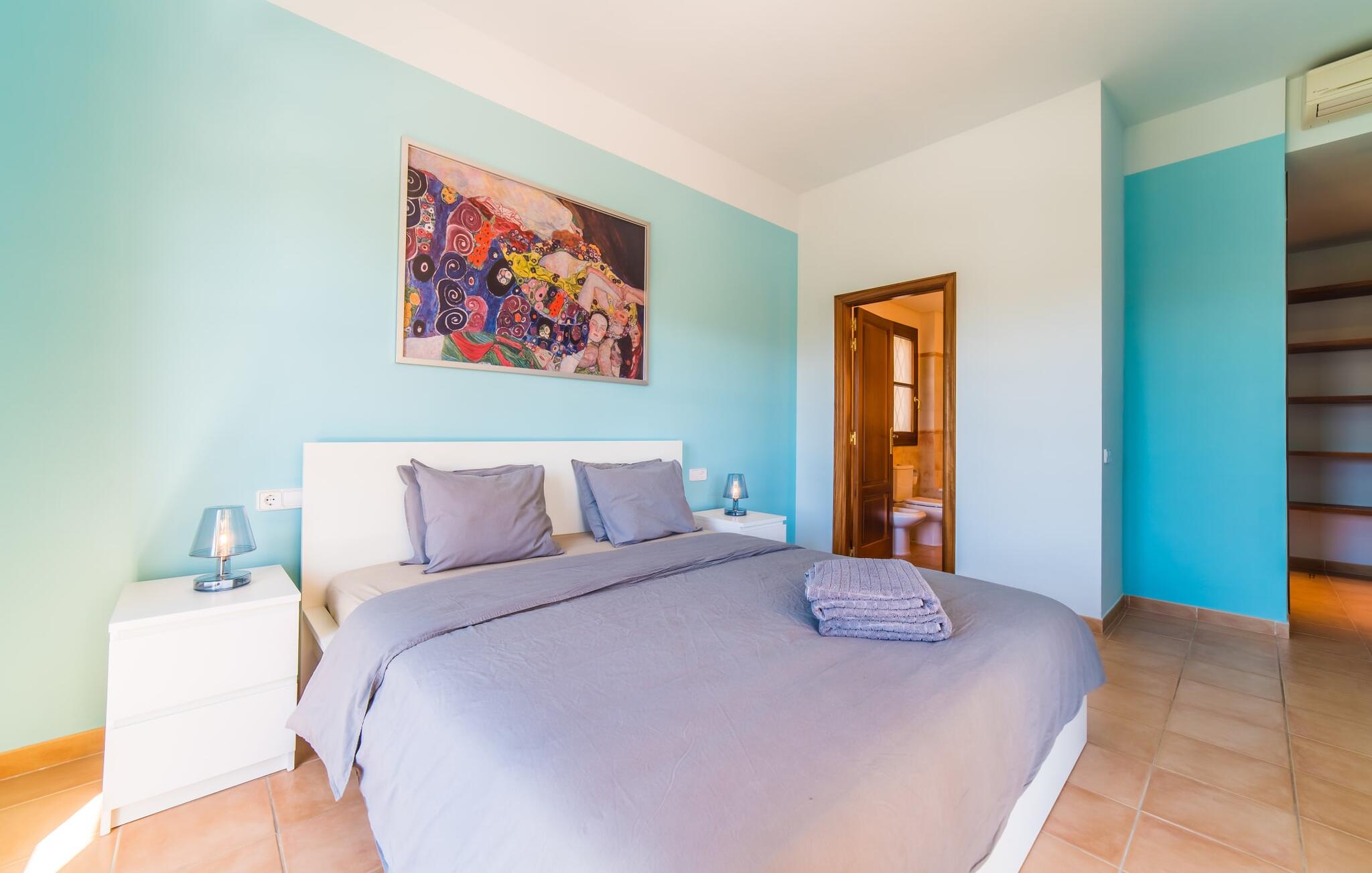Het moderne, gezinsvriendelijke Finca Mofares ligt op slechts 1 km van het centrum van de mooie stad Calvià. Daar vind je supermarkten, een geldautomaat, een wekelijkse markt en restaurants, alles wat je nodig hebt voor je dagelijkse behoeften. Populaire zandstranden zoals Son Caliu en Cala Blanca liggen op ongeveer 7,4 kilometer rijden.
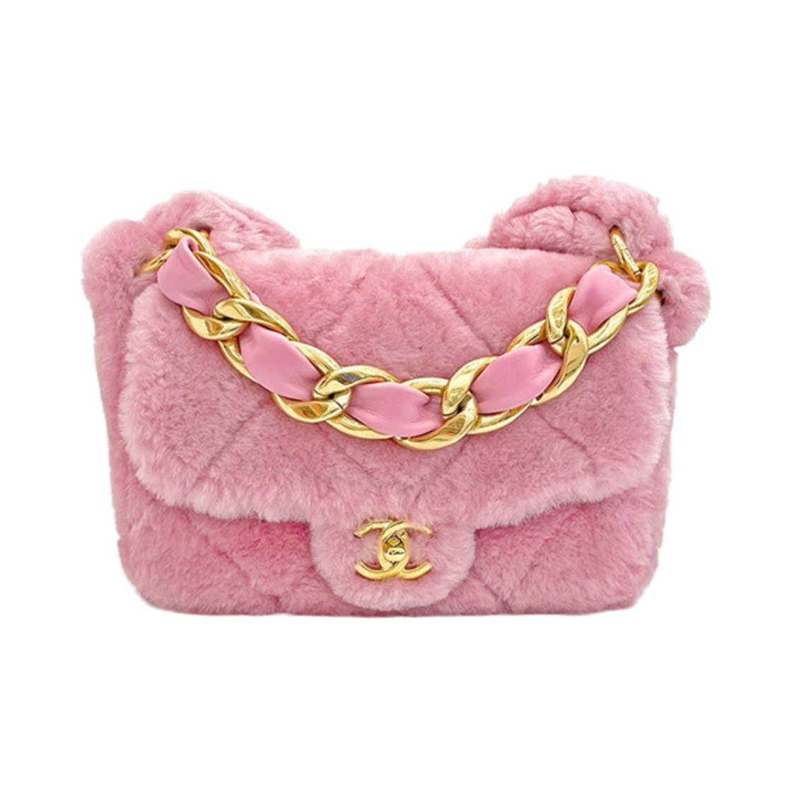 샤넬 시어링 체인 플랩백 핑크 금장
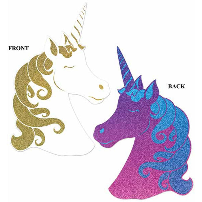 The cutout features a vibrant and colorful design, with a two-sided print that allows you to display it from any angle. The unicorn is beautifully illustrated, with a flowing mane, sparkling eyes, and a golden horn.
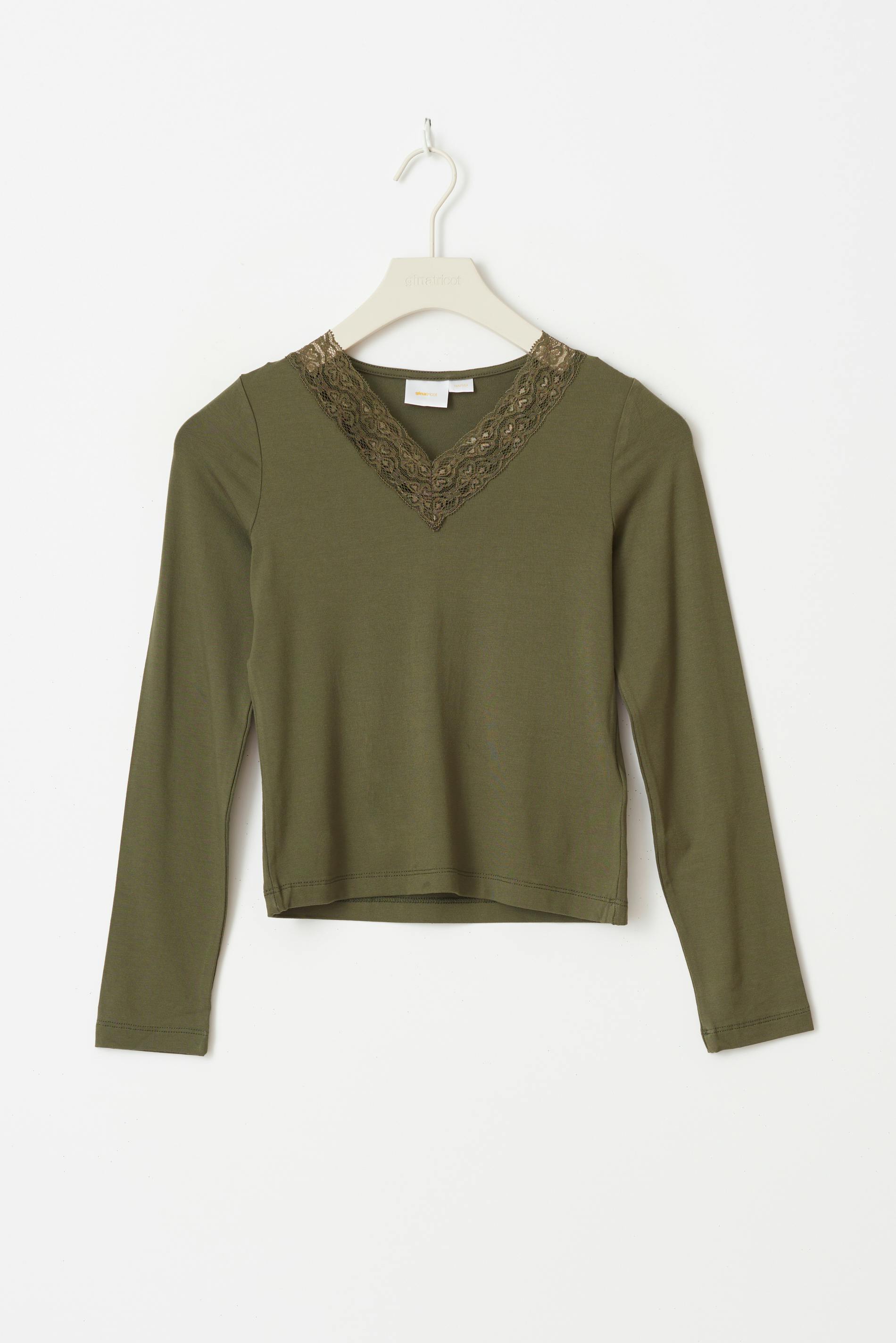 Long sleeve top with lace on the neckline. The top is green and has v-neck. It has figure-hugging fit.
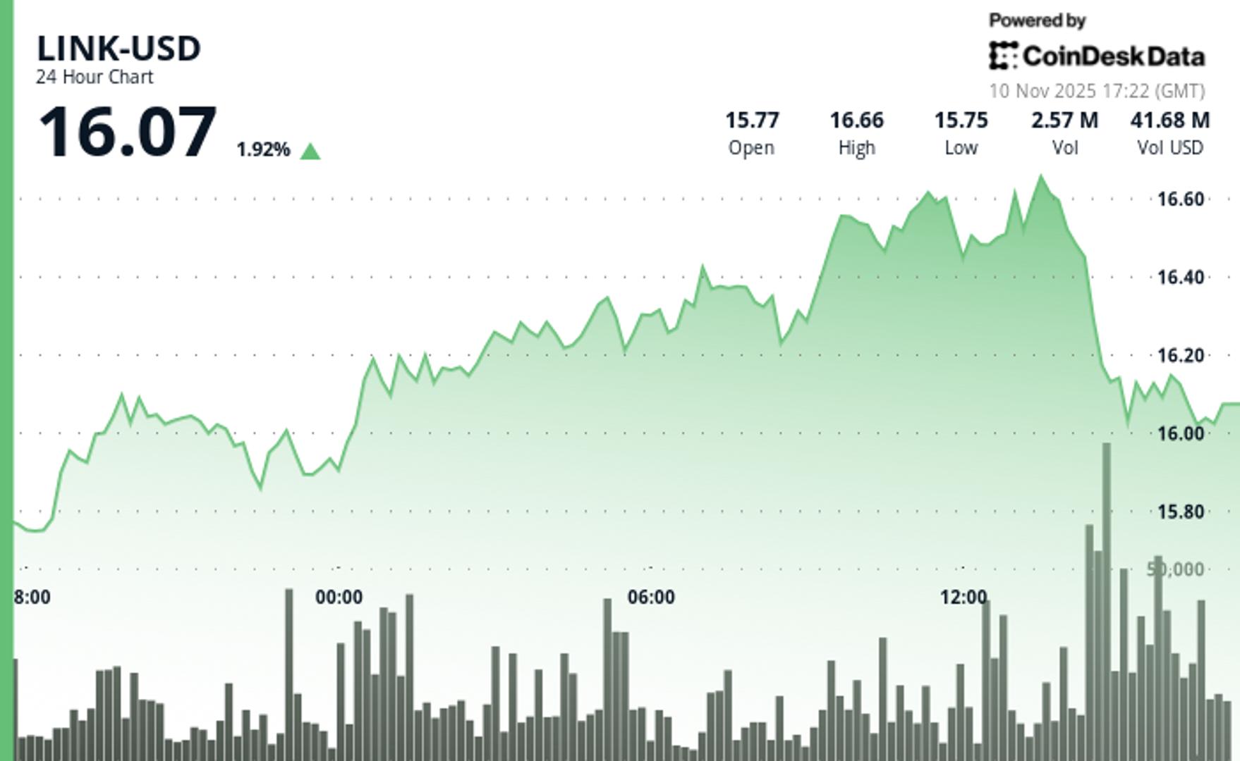 Chainlink native token LINK rebounded on Monday, advancing 5.2% over the 24-hour period to a session high of $16.66 before profit-taking occurred.
================================
Begin the copy at the line containing "샤넬 시어링 체인 플랩백 핑크 금장" and end it at the final line of the material above, reproducing each line exactly and omitting pictures.

### TASK ANSWER
 샤넬 시어링 체인 플랩백 핑크 금장
 The cutout features a vibrant and colorful design, with a two-sided print that allows you to display it from any angle. The unicorn is beautifully illustrated, with a flowing mane, sparkling eyes, and a golden horn.
 Long sleeve top with lace on the neckline. The top is green and has v-neck. It has figure-hugging fit.
 Chainlink native token LINK rebounded on Monday, advancing 5.2% over the 24-hour period to a session high of $16.66 before profit-taking occurred.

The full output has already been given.